В основном перемещались по службе офицеры, хорошо зарекомендовавшие себя в полетах на двухместных тяжелых истребителях класса «Альбатрос» и созревшие для легких одноместных машин, которые создавали основную ударную силу флота. Пилот одноместной машины – это более высокий уровень, чем стрелок. Сегодня этой чести удостаивались те, кто прибыл на «Бриз» почти на год раньше меня, да и то не все. Многие на годы застревают в кресле пилота-оружейника «Альбатроса».
– Присвоить звание «лейтенант второго класса» и перевести в пятое звено третьей штурмовой эскадрильи Серга Кронбергшена, – объявил командующий эскадрой.
Интересно, меня не обманывают мои уши? Штурмовая эскадрилья! Это означает одноместный «Морской ястреб»!
Скосив глаза, я увидел, что губы Таланы тронула улыбка. В этот момент я почти любил ее… Я готов был полюбить весь свет… Кроме меркан.
Я стиснул зубы. Не хватало сейчас пустить слезу… А очень хотелось! *** – Ну вот, Серг, ты почти пилот, – с грустью произнесла Талана, опрокидывая почти полный бокал прозрачной обжигающей жидкости.
Я внутренне сжался, представив, каково ей сейчас – проглотить бокал этого высокоградусного пойла. Но она только прижмурилась, втянула резко ноздрями воздух и удовлетворенно крякнула.
– Пей, – кивнула она. Мой бокал был наполнен так, как еще недавно был наполнен ее. Я отхлебнул немножко, горло обожгло.
– Кто так пьет, лейтенант? – насмешливо посмотрела на меня Талана.
Я со злостью опрокинул весь стакан, намереваясь тут же скончаться… Дыхание сперло. Слезы брызнули из глаз. Кто сказал, что самое страшное для пилота – заряд мерканской плазмы в грудь?.. Я нашарил бутерброд с ветчиной, проглотил, и только после этого стал улавливать очертания окружающих предметов.
– Теперь ты и пьешь почти как человек, Серг.
– Я вообще чем-то похож на человека, если вы еще не заметили, – выпитое меня расслабило, и я почувствовал себя в обществе с Таланой чуть свободнее, чем обычно, то есть комфортнее, чем в комнате со змеями.
– Похож на человека? – она усмехнулась. – Это ненадолго. Ты станешь настоящим пилотом. И превратишься просто в элементарную частицу этой войны. И однажды поймешь, что, кроме войны, у тебя ничего нет.
– Так уж ничего?
– Ничего важного. Все отходит на второй план. То, что казалось жизненно необходимым, становится второстепенным, то, что было ярким, блекнет. То, что должно быть дорогим, перестает им быть.
– Но мы возвращаемся с этой шарховой войны.

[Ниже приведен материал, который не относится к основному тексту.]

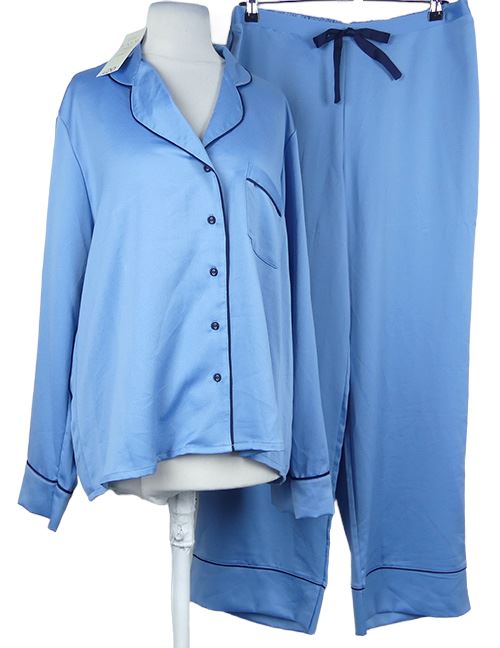 Dámske svetlomodré saténové pyžama s tmavomodrým lemováním George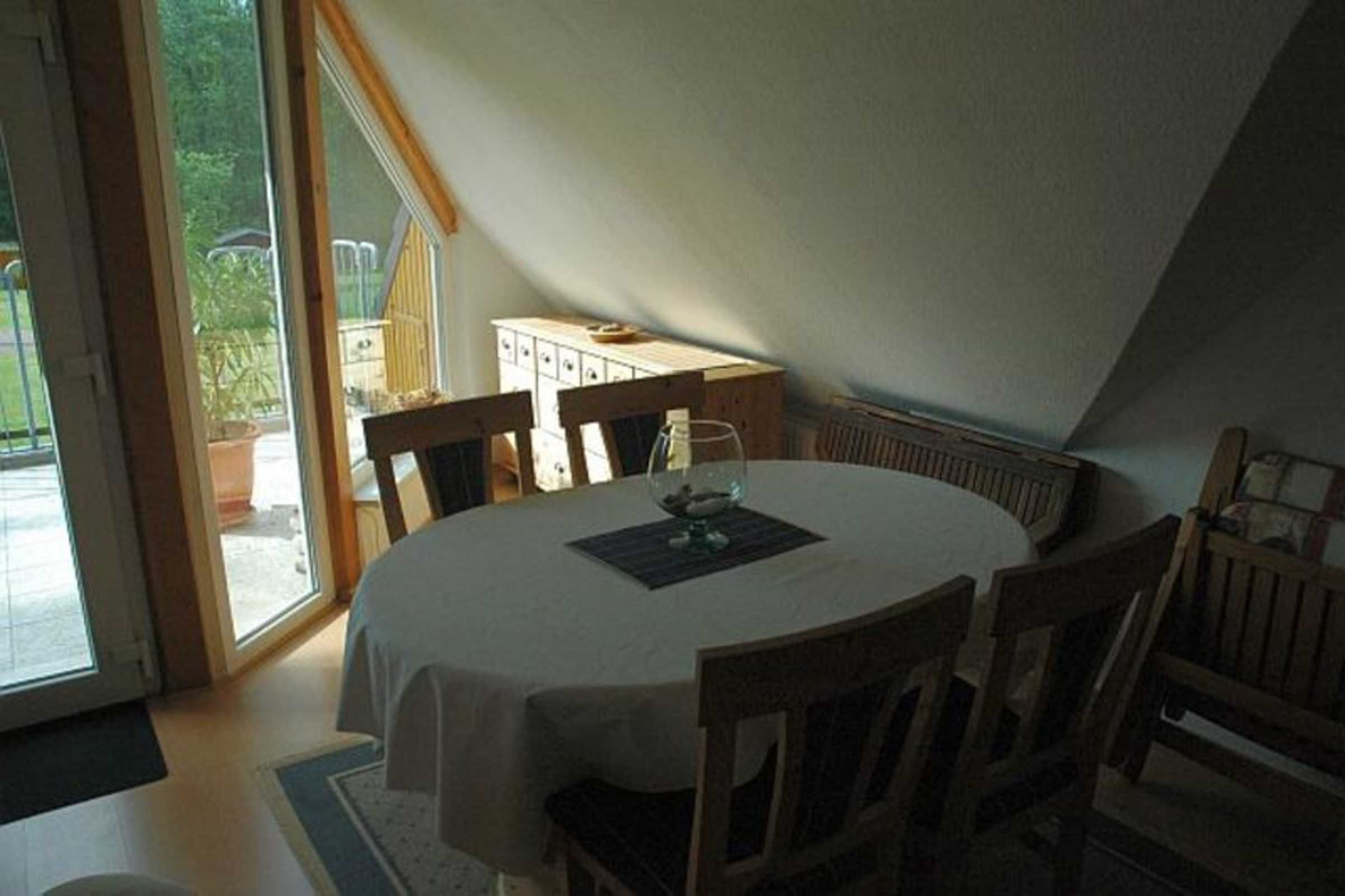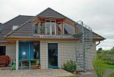 Die Ferienwohnung besitzt einen separaten Eingang über eine Wendeltreppe an der Rückseite des Hauses. Hier haben Sie sehr viel Ruhe und einen wunderschönen Blick auf die Landschaft. Sie ist ausgestattet mit einem großen Wohnzimmer mit gemütlicher Eckcouch, Radio und TV-Satellitenanlage, sowie einem Esstisch. An den Wohnbereich schließt sich eine komfortabel ausgestattete Küche mit Kühl-und Gefrierkombination, Microwelle, E-Herd und Geschirrspüler an. Bad mit Dusche und WC. Das Schlafzimmer hat ein Doppelbett und eine Kinderaufbettung ist auf einer Klappmatratze möglich. Zur Ferienwohnung gehört eine großzügige Sonnenterasse mit Blick auf den Garten.

– Мы… – она сделала ударение на «мы», – не возвращаемся. Кто-то из них, – обвела рукой полный бар, – может вернуться. Отвоевать свой срок. Потешить самолюбие. Получить награды, звания, деньги. И писать мемуары для глобальной сети… Но мы из другого теста.
– Почему вы выделяете меня?
– Потому что ты из того же теста, что и я. Потому что ты, лейтенант, живешь по-настоящему только в кабине истребителя…
Я попытался собраться, прогнать волну хмеля, туманящего мозг. А ведь она права! Я вспомнил тот первый бой. И понял, что действительно по-настоящему жил только тогда.
– Ты мой пятый стажер, Серг.
– Как?
Цифра внушительная. Выпустить пять пилотов.
– В живых из предыдущих осталось двое. Один воюет до сих пор в другом секторе. Другой надолго застрял в клинике психической реабилитации… Троих уже нет… Скажи, сколько раз в день ты мечтал придушить меня?
– Я не считал, капитан.
– До стольких считать не умеешь? – засмеялась она. – Ты меня ненавидел, Серг.
– Никак нет.
– Тебе сколько лет?
– Двадцать пять.
– Мне – тридцать три. Не такая большая разница.
Я задумался. А ведь действительно, восемь лет по современным меркам – это ничто. И вместе с тем такая пропасть. Мне кажется, ей лет сто.
– Поэтому приказываю сегодня плюнуть на звания, Серг. Я – Талана.
– Годится, – не слишком уверенно произнес я.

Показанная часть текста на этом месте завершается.